Now let's check the coordinates by plotting the distinct coordinate pairs on a map.

In [22]:
library(leaflet)

stations <- occurrence %>%
    distinct(locality, decimalLongitude, decimalLatitude)

stations

leaflet() %>%
    addTiles() %>%
    addMarkers(lng = stations$decimalLongitude, lat = stations$decimalLatitude, popup = stations$locality)

locality,decimalLongitude,decimalLatitude
<chr>,<dbl>,<dbl>
Ile esprit,46.22536,9.42518
Settlement beach,46.20605,9.400901


There's clearly something wrong with the coordinates. Longitude looks fine, let's try flipping latitude.

In [23]:
occurrence <- occurrence %>%
    mutate(decimalLatitude = -decimalLatitude)

stations <- occurrence %>%
    distinct(locality, decimalLongitude, decimalLatitude)
stations

leaflet() %>%
    addTiles() %>%
    addMarkers(lng = stations$decimalLongitude, lat = stations$decimalLatitude, popup = stations$locality)

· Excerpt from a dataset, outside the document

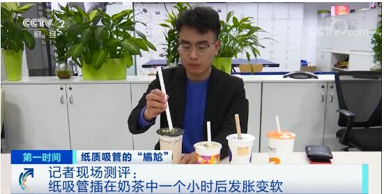 如果是這種PLA聚乳酸的吸管,它的外形變化其實并沒有很嚴重。根據記者個人的感覺,這些替換過后的吸管,對于奶茶的口感的影響并不是很大,主要的變化就是這些吸管在使用的過程中會逐漸變軟。

locality,decimalLongitude,decimalLatitude
<chr>,<dbl>,<dbl>
Ile esprit,46.22536,-9.42518
Settlement beach,46.20605,-9.400901


Now fix the occurrence table.

### Time

Now check the event dates.

In [24]:
obistools::check_eventdate(occurrence)

level,row,field,message
<chr>,<int>,<chr>,<chr>
error,1,eventDate,eventDate 24/04/2023 does not seem to be a valid date
error,2,eventDate,eventDate 24/04/2023 does not seem to be a valid date
error,3,eventDate,eventDate 24/04/2023 does not seem to be a valid date
error,4,eventDate,eventDate 24/04/2023 does not seem to be a valid date
error,5,eventDate,eventDate 24/04/2023 does not seem to be a valid date
⋮,⋮,⋮,⋮
error,13371,eventDate,eventDate 02/04/2023 does not seem to be a valid date
error,13372,eventDate,eventDate 02/04/2023 does not seem to be a valid date
error,13373,eventDate,eventDate 02/04/2023 does not seem to be a valid date
error,13374,eventDate,eventDate 02/04/2023 does not seem to be a valid date


It looks like `eventDate` is in the wrong format. Use the `lubridate` package to parse the current date format and change it.

In [25]:
library(lubridate)

occurrence <- occurrence %>%
    mutate(eventDate = format_ISO8601(parse_date_time(eventDate, "%d/%m/%Y"), precision = "ymd", usetz = FALSE))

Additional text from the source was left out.